Acuarela del barrio La Candelaria de Bogotá, por Tr3s Más |
Recorrer el barrio de La Candelaria en esta época del
año es especialmente agradable; verano en Bogotá no da tanto como para una
canción como la recordada “Un verano en Nueva York” de la Universidad de la Salsa, El Gran Combo de Puerto Rico, pero sí para llenar de adjetivos y
descripciones estas páginas. Los techos de teja de barro resplandecen con la
luz del astro rey cayendo en perpendiculares, los edificios refulgen desde el
oriente, enmarcados en el azul intensísimo de los cerros. Hasta hace unos años
la capital era una ciudad gris, opaca, llena de edificios vetustos y, en
términos generales, una ciudad poco amable. Pero de un tiempo para acá se ha
convertido en un destino turístico obligado.

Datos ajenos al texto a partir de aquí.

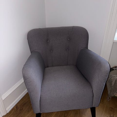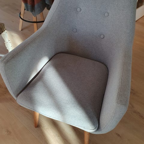 Grå lænestol som er behagelig at sidde I. Har nogle pletter på det ene armlæn. Syning er ved at gå op et enkelt sted som vist på billede nr 2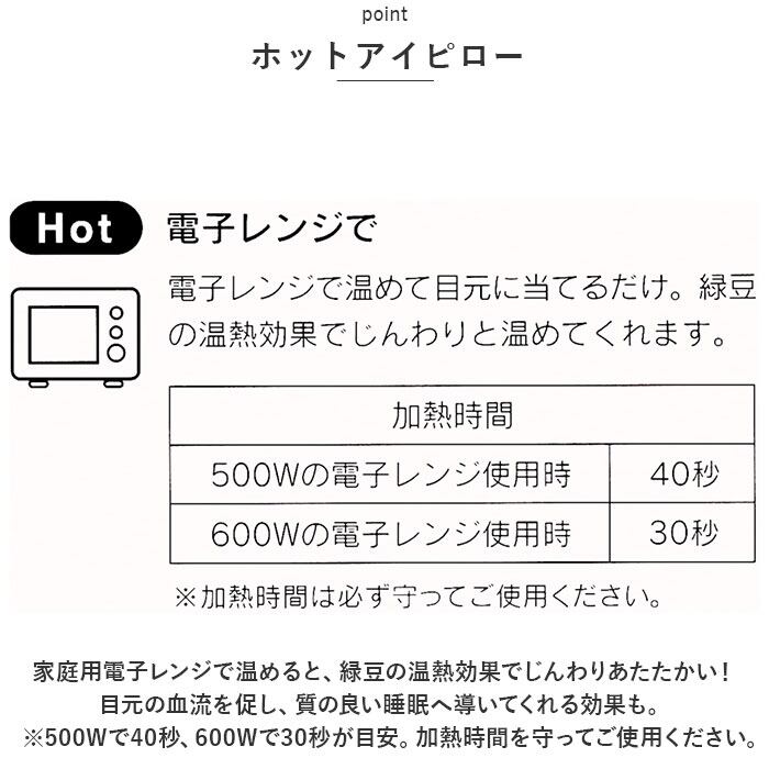・家庭用電子レンジで温めると、緑豆の温熱効果でじんわりあたたかい!目元の血流を促し、質の良い睡眠へ導いてくれる効果も。(※500Wで40秒、600Wで30秒が目安。加熱時間を守ってご使用ください。)

Desde que el difunto maestro Rogelio Salmona le dio un
giro a la arquitectura utilizando el ladrillo prensado en las fachadas de Las
Torres del Parque (conjunto que inauguró
la década de los años setenta del siglo pasado), la ciudad se vistió del color
del material y existen a lo largo y ancho de la urbe magníficas construcciones
que refulgen con la luz del sol veraniego de la sabana de Bogotá. Las actuales
construcciones institucionales siguen siendo en concreto, pero el diseño ha
cambiado dramáticamente. Para la muestra un botón: el edificio del Archivo de
Bogotá, herencia del constructor de la Bogotá contemporánea Leopoldo Rother.

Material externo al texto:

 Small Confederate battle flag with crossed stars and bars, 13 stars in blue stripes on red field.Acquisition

Para los menos diestros habrá que decir que este arquitecto polaco llegó a
Colombia huyendo de los nazis y que fue él quien diseñó y desarrolló nuestra
amada Ciudad Universitaria, conocida al tiempo de su apertura como la Ciudad
Blanca; y así sería de no ser por las consignas del compañero militante que adornan las paredes del primer centro
académico del país.
Sí, la metrópoli se viste de gala en verano, los
universitarios abandonan sus tradicionales tertuliaderos para departir,
discutir y debatir en espacios abiertos como el Parque de los Periodistas o el
Mariscal Sucre, donde las conversaciones están sabrosamente aderezadas con
cerveza, aguardiente, chicha y otros productos de la tierra. La gente anda de
mejor humor, se prepara todo el día para las temperaturas polares de la noche
capitalina. Sin embrago, existen seres, como yo, que sólo pueden ser idolatras
de Inti, de Ra, o de Xue por debajo de los 1500 metros sobre el nivel del mar,
y en estas tardes de infame sol canicular buscan desesperados un poco de
sombra, un recinto cerrado para huir de las despiadadas ráfagas de calor y luz
que azotan las calles.
Una tarde de estas, que se tornan agónicas para el
transeúnte de gabán de cuero, encontré un sitio para refugiarme del ruido, el
polvo, el humo y el sol de la Bogotá cotidiana. La biblioteca Luis Ángel Arango
es, quizá, el bastión en esta guerra no declarada contra la ignorancia y la
alienación; de paso, un magnífico sitio para esperar la puesta de Helios y su
carro de fuego. La temperatura de la biblioteca es siempre la misma por razones
técnicas, la luz entra por todas partes, pero de manera mesurada, conveniente,
no existen espacios donde el sol calcine a los lectores; y la actividad
cultural hierve en este recinto. Desde los conciertos de los Jóvenes Artistas,
donde Valeriano Lanchas hizo su debut en la sala de conciertos por allá a
principios de este vertiginoso siglo, hasta los espacios aprovechados por el
Banco de la República, administrador plenipotenciario de la biblioteca, para
colgar e instalar todo tipo de exposiciones, este podría ser el espacio vital y
perpetuo para más de un intelectual.
Y fue en este huir intelectual que me topé con dos
exposiciones dignas de mención en este rincón del quehacer bogotano. La primea
que encontré fue una nostálgica semblanza del gestor de la narrativa urbana
colombiana. Andrés Caicedo vivió, ideó, sufrió para hacer de la vida cotidiana
de una ciudad el tema de la novela, el leit
motiv de una narrativa en la que se forjó el más memorable de los temas de
escritura. Trabajo que, probablemente, haya sido la más ingrata de las labores.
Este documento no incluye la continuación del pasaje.